- [Problem statement]:
Every line from the top of the records below through the one containing "关于它读数据的原理也非常简单" must be copied exactly, and the pictures must not be.

- [Supplied material]:
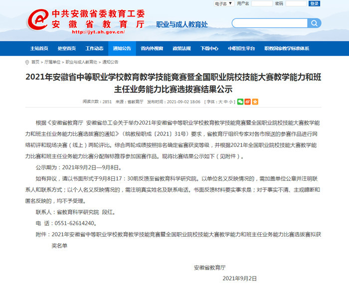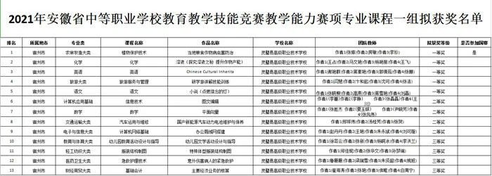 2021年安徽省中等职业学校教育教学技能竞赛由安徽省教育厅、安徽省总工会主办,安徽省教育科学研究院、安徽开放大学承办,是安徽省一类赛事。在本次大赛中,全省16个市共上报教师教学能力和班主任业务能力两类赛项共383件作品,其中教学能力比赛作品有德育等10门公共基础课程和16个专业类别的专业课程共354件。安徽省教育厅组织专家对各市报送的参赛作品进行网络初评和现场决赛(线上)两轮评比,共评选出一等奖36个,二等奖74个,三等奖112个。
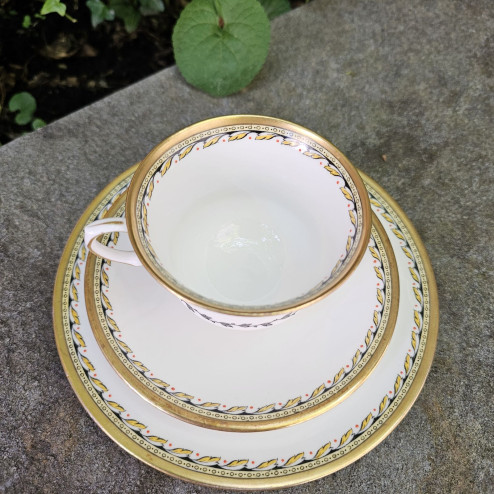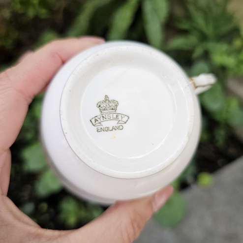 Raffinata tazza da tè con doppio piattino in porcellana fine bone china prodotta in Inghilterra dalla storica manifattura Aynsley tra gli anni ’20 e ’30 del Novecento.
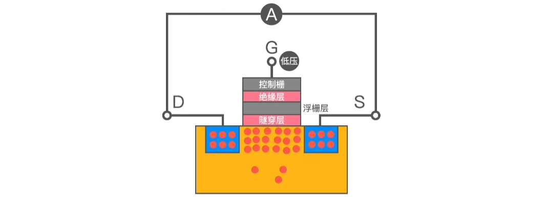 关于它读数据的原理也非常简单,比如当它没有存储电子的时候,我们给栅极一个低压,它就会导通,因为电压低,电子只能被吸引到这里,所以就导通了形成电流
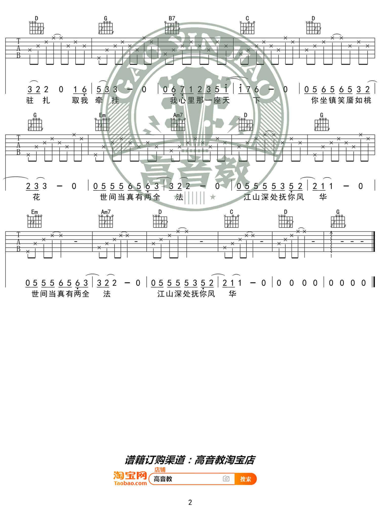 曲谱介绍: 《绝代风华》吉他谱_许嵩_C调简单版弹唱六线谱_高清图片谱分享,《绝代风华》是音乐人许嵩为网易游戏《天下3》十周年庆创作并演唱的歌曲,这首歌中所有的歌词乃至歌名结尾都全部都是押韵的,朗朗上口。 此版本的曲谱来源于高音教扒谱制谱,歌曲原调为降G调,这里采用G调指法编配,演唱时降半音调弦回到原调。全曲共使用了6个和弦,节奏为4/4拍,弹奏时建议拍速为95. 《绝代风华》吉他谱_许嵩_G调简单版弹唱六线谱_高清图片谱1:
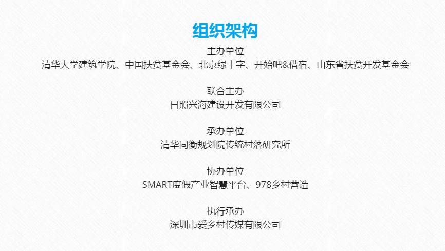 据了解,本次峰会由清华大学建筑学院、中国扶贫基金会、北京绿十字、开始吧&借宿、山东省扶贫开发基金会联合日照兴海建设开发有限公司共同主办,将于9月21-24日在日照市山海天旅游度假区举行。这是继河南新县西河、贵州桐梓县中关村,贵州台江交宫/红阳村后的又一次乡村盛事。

- [Expected answer]:
 2021年安徽省中等职业学校教育教学技能竞赛由安徽省教育厅、安徽省总工会主办,安徽省教育科学研究院、安徽开放大学承办,是安徽省一类赛事。在本次大赛中,全省16个市共上报教师教学能力和班主任业务能力两类赛项共383件作品,其中教学能力比赛作品有德育等10门公共基础课程和16个专业类别的专业课程共354件。安徽省教育厅组织专家对各市报送的参赛作品进行网络初评和现场决赛(线上)两轮评比,共评选出一等奖36个,二等奖74个,三等奖112个。
 Raffinata tazza da tè con doppio piattino in porcellana fine bone china prodotta in Inghilterra dalla storica manifattura Aynsley tra gli anni ’20 e ’30 del Novecento.
 关于它读数据的原理也非常简单,比如当它没有存储电子的时候,我们给栅极一个低压,它就会导通,因为电压低,电子只能被吸引到这里,所以就导通了形成电流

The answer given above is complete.